In January 2024, Vanguard released its updated U.S. proxy voting guidelines that outline its 2024 stewardship approach and expectations, effective February 2024. Key changes to its U.S. proxy voting guidelines are discussed below.

Key highlights

  • Clarified specific circumstances it may withhold support from a director(s) or key committee due to failure of risk oversight related to a functional role or committee-level responsibility.
  • Outlines its intention to support shareholder proposals seeking diversity-related policy amendments.
  • Advocates for companies to disclose additional details regarding board evaluation and refreshment to ensure a company’s approach to board composition results in meaningful diversity.
  • Emphasizes the importance of independent board oversight by highlighting its process for reviewing director independence and reaffirming its preferences for effective independent leadership.
  • Expects relevant engagement and disclosure to understand the commitments of various directorships served by each member of a company’s board.
  • Provides further insight regarding its approach to reviewing executive compensation.
  • Elaborates on its expectations for companies to adopt appropriate governance structures that safeguard shareholder rights.

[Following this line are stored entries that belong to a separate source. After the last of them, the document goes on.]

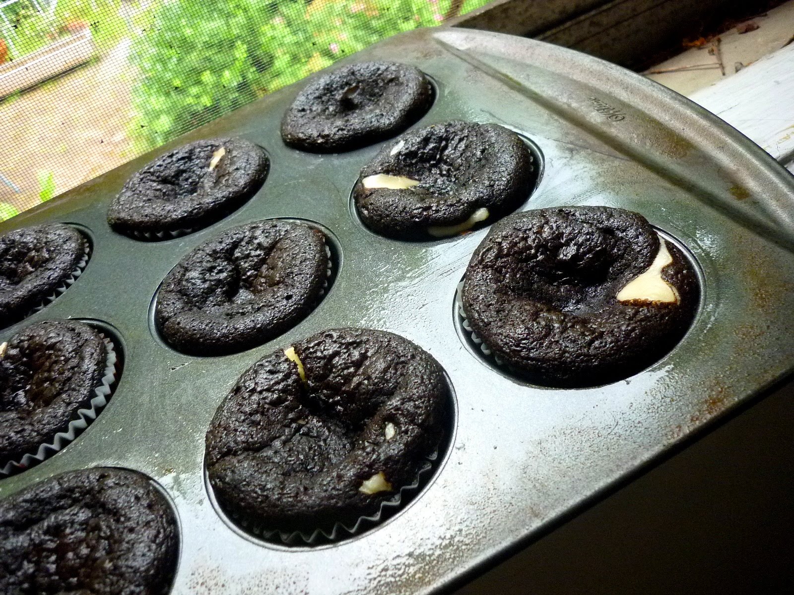 These were supposed to be Black Bottom Cupcakes, but something funny happened in the heat of my oven. Essentially all of the cream cheese filling I had carefully dolloped in the midst of my cupcakes was overpowered and encased by rising cupcake dough. The cupcakes depicted are actually a minority, the resolute few whose cheesecake filling refused to be wholly submerged in a tide of rising dough. I thought they’d photograph better than the others, which look exactly like regular chocolate cupcakes with sunken tops. This sunken-ness is typical of all black-bottom cupcakes and is a design feature rather than a flaw.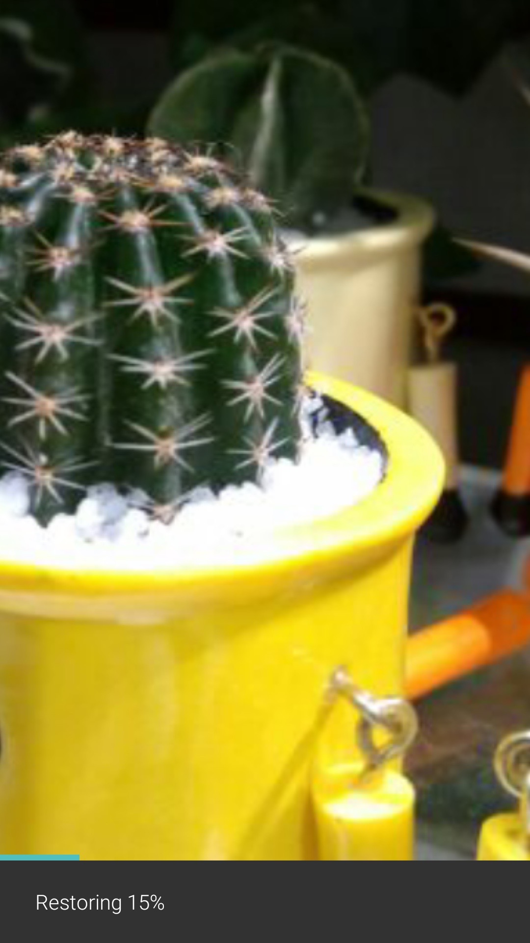 クラウドに保存された写真をライブラリから開くと、自動的にクラウドからのリストアが開始されます。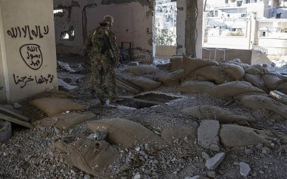 Members of the US-backed Syrian Democratic Forces (SDF) check for bombs at the stadium that was the site of Islamic State fighters’ last stand in the city of Raqqa, Syria, Wednesday, October 18, 2017. (AP/Asmaa Waguih)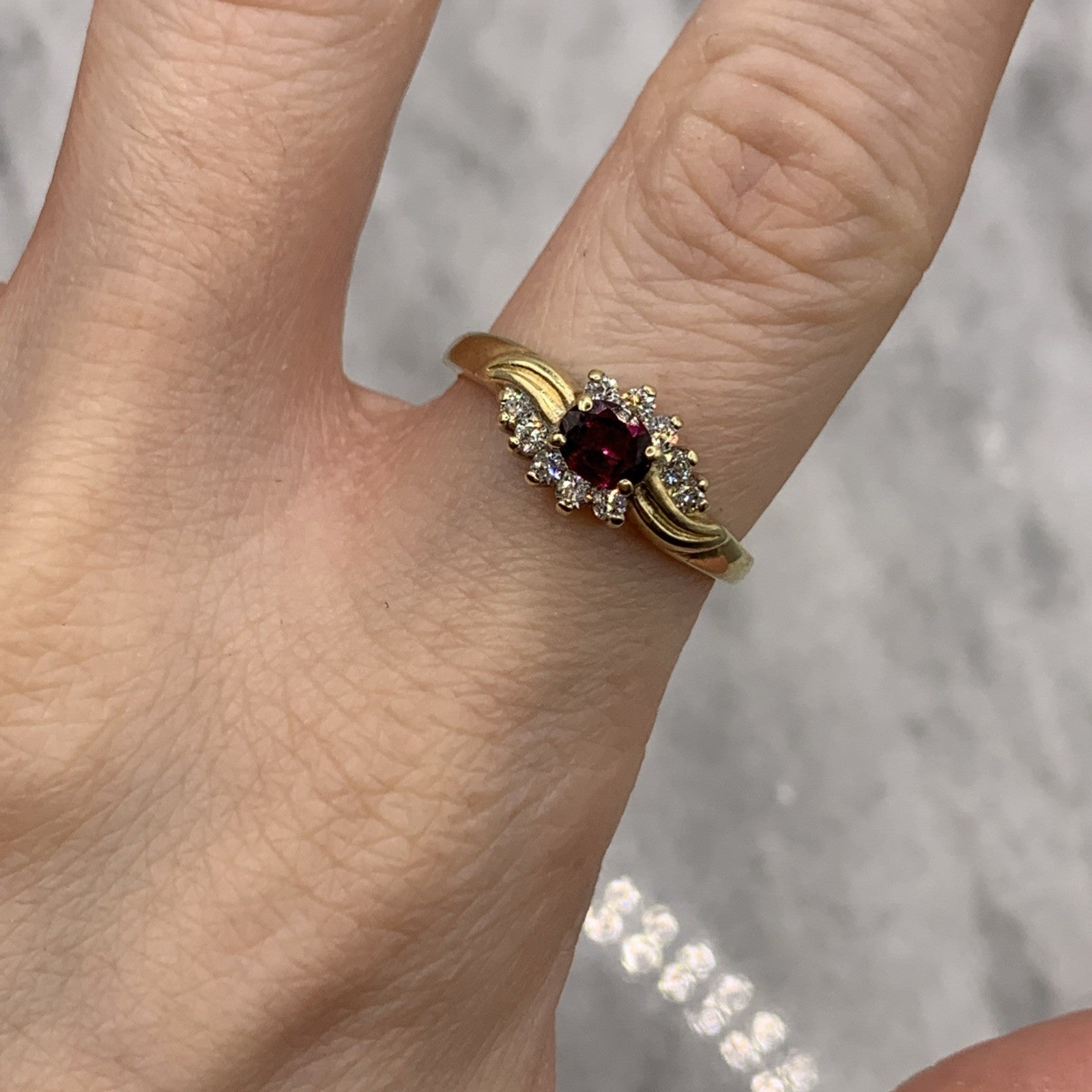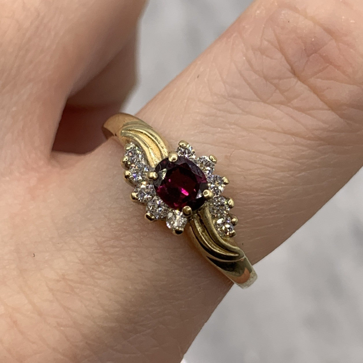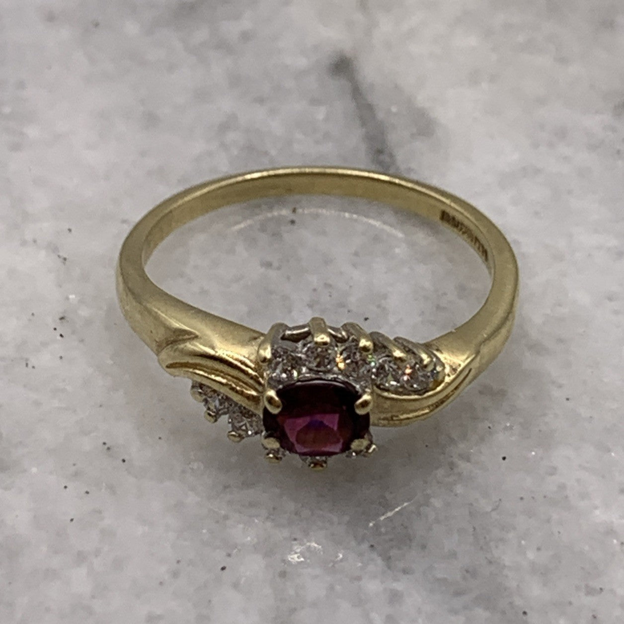 9 ct Gold Pink Tourmaline & CZ Cluster Twist Ring 375 Yellow Gold - Size O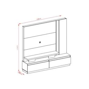 Possui 2 gavetas com corrediças telescópicas e entrada para TV de 1,800m x 1,185m. Seu sistema de montagem Girofix garante praticidade, enquanto o design minimalista, sem pés ou puxadores, mantém o ambiente elegante e organizado.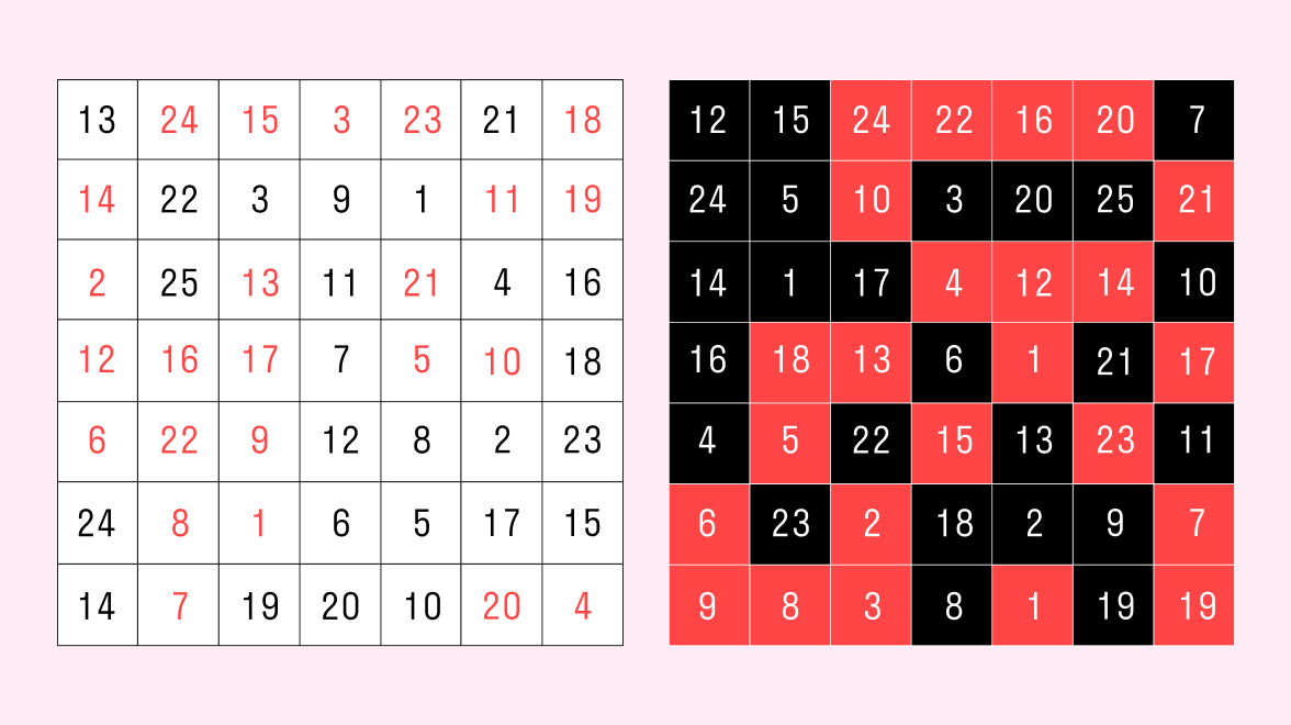 Помимо черно-белых карточек, есть также варианты другого цвета — например, красно-черные таблицы Горбова-Шульте, которые часто используются в школах скорочтения для взрослых и детей. Принцип работы с ними аналогичен: не искать цифры, перебирая их глазами, а стараться увидеть таблицу целостно, замечая нужную ячейку периферическим зрением.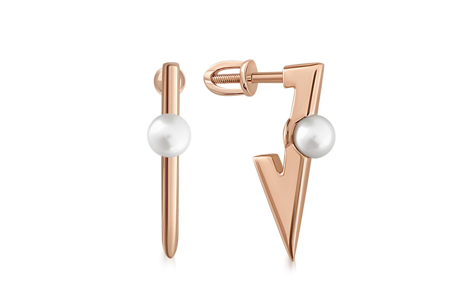 Закажите Серьги-пусеты из красного золота с 2 жемчужинами с получением в Москве через курьерскую службу доставки напрямую с нашего производственного склада завода NEWGOLD!

Vanguard revised the Introduction to its U.S. proxy voting guidelines by emphasizing the application of its policy and approach to investment stewardship over an extended period of time, potentially signaling their intent to apply future accountability votes against directors based on lack of responsiveness or failure to provide effective oversight of ESG-related matters as they continue to evolve.

Board Composition

New for 2024, Vanguard added a Board Composition provision stating its expectations pertaining to a company’s approach on Board Composition, including disclosure relating to diversity and strategic board-related processes and planning. In summary, Vanguard expects boards be “fit for purpose” by reflecting sufficient diversity of skills, experience, perspective, and personal characteristics (such as gender, age, race, and ethnicity) resulting in cognitive diversity that enables effective, independent oversight on behalf of all shareholders. In addition, this year, Vanguard further clarified that it believes that the appropriate mix of skills, experience, and characteristics should reflect expertise related to the company’s strategy and material risks from a variety of vantage points.

Like BlackRock, Vanguard’s collective revisions pertaining to board composition are focused on a company’s disclosure and processes for ensuring a broader approach to meaningful diversity.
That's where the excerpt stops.